Deputy Prime Minister Barnaby Joyce linked the 2011 events during a campaign debate on agricultural policies Wednesday night ahead of elections on July 2. Australia suspended its live cattle trade to Indonesia for a month in June 2011 over cruelty concerns in Indonesian slaughterhouses.

"When we closed down the live animal export industry, it was around about the same time that we started seeing a lot of people arriving in boats in Australia," Joyce said, prompting jeers at a public meeting in the rural town of Goulburn. "I think it's absolutely the case that we created extreme bad will with Indonesia when we close down the live animal export."

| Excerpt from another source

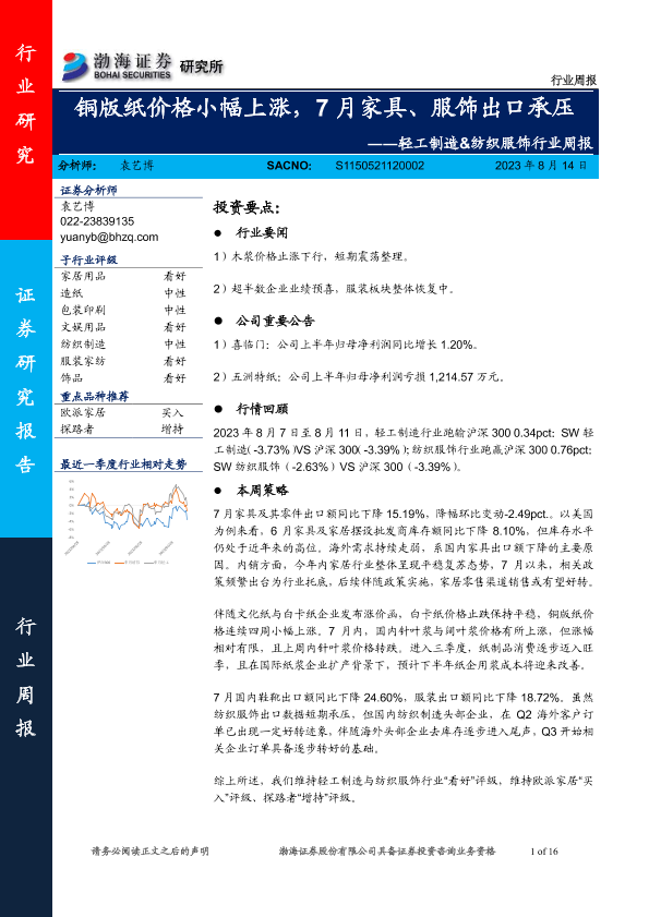 【渤海证券】【20230814】20230814-渤海证券-轻工制造&纺织服饰行业周报:铜版纸价格小幅上涨,7月家具、服饰出口承压-16页

Joyce is the first Australian official to suggest the suspension undermined Indonesian efforts to prevent smugglers trafficking asylum seekers from the Middle East, Africa and Asia to Australia.

The Indonesian Embassy denied any link between the beef trade and asylum seeker issues. It said in a statement that Jakarta was committed to being part of a regional solution to the problem of people-smuggling.

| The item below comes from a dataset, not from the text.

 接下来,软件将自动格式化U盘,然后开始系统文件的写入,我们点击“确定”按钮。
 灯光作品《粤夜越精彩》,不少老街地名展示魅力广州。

Prime Minister Malcolm Turnbull defended Indonesia, saying bilateral cooperation is stopping people smuggling was "very, very strong."

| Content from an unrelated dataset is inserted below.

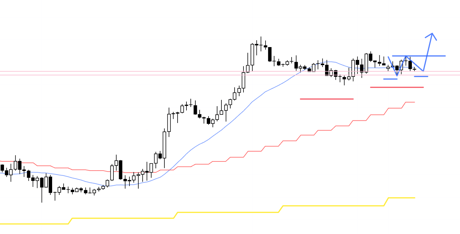 A 4h higher-low structure has been forming here, so I set a buy order.

"There is no link between the Indonesian government and people smuggling," Turnbull told reporters.

Opposition leader Bill Shorten, whose center-left Labor Party was in power at the time of the export ban, told Australian Broadcasting Corp. radio that Joyce was "talking rubbish."

"It's a really, really ignorant remark," Shorten said. "When he starts weighing into foreign policy, I think he should best leave that to the grown-ups in the room."

Joyce attempted to clarify his comments on Thursday.

"I'm not saying that this caused the Indonesians to start sending people across — I never suggested that," Joyce, who is also agriculture minister, told Seven Network television. "What I did clearly suggest is that it made it difficult — it gave a real degree of difficulty — in how we negotiate with Indonesia."

When the current government was elected in 2013, it introduced tough policies that have prevented smugglers from successfully delivering asylum seekers to Australia for more than 18 months. But some view the Australian navy's turning back of boats into Indonesian waters as an affront to Indonesian sovereignty.